I've been flying my way through a "true to life" chick-lit book called My Horizontal Life by Chelsea Handler. The same girls who read Bossypants also read this book. I'm into the whole light hearted, girl focused books that aren't all about being drippy over some lover. I want to read about women who have some kind of life plan. Well, Chelsea Handler is a professional one night stander and her life plan is finding the next drink. Or so it seems from this book. I'm happy to say that I've never lived a life like that. well, I wouldn't really say "happy" but more of less proud that I never went down that road.

I went through my wild girl stage, everyone does. It's usually found around age 26 and lasts until you're around 30? I couldn't commit to a soul until I was maybe 28? Then I found myself with this really laid back man, he just what I needed. I think 2 years went by and I still never called him my boyfriend and even though I loved him we never said it to each other for a while. Didn't need to hear it and didn't need to say it. I could see it for the majority of the relationship. There was something soothing about this no pressure relationship but then, I changed and I wanted more finally. I was ready to commit to something more serious but he wasn't there yet.

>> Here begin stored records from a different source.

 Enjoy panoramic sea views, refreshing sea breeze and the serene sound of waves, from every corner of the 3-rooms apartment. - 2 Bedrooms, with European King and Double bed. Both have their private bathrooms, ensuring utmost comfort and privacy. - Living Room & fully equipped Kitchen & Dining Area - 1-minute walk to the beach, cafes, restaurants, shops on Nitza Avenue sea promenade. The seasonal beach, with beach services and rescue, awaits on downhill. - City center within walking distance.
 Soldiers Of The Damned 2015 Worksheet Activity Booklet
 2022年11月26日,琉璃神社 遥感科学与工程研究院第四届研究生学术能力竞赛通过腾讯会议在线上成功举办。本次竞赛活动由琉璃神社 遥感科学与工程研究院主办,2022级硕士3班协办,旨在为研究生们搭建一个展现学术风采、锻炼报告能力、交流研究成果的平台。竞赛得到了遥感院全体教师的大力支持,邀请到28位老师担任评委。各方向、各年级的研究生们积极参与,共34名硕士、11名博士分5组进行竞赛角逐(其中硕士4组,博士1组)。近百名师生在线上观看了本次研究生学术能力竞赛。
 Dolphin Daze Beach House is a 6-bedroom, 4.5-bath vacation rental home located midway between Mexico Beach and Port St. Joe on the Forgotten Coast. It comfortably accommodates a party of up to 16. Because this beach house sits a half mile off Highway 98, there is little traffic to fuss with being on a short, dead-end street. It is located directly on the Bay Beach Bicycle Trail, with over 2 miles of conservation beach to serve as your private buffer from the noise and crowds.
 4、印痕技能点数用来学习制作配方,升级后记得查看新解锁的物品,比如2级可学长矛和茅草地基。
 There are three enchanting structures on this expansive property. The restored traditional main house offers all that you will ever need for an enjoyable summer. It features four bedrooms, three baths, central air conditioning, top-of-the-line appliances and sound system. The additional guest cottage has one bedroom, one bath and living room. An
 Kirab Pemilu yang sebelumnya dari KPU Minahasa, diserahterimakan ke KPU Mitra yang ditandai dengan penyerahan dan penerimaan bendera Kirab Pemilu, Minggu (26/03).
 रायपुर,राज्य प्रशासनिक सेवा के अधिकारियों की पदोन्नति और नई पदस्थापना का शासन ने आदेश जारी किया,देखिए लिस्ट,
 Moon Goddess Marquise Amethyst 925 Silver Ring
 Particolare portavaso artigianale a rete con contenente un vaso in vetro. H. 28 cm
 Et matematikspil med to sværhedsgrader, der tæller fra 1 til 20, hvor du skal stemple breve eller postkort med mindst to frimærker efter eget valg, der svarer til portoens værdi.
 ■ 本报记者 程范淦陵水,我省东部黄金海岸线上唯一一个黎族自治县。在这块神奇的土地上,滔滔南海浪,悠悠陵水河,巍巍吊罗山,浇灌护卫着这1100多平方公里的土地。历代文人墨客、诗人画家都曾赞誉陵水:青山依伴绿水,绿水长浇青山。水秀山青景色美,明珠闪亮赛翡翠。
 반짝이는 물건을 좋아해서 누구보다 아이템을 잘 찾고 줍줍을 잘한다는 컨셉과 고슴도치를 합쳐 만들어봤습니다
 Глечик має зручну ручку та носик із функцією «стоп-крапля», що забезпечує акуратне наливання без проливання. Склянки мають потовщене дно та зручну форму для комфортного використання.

I'm different then I was when I was last single for a long period of time. I need my friends, not male attention (the games are done). There's been a shift where the majority of my friends are now female when at one point I think the only girl I even talked to was Laura. I love my female friends and making that circle as strong as possible is important to me on a totally unconscious level. There is actually only one man in my life who I consider to be a true friend who doesn't have any preset motive and that's refreshing in it's self. The rest of the other boys are kept at distance because I'm just not looking for that. Not right now.

I'm not confused. I'm not scared. I'm not unhappy. I'm not lonely. That's just not me. Not right now.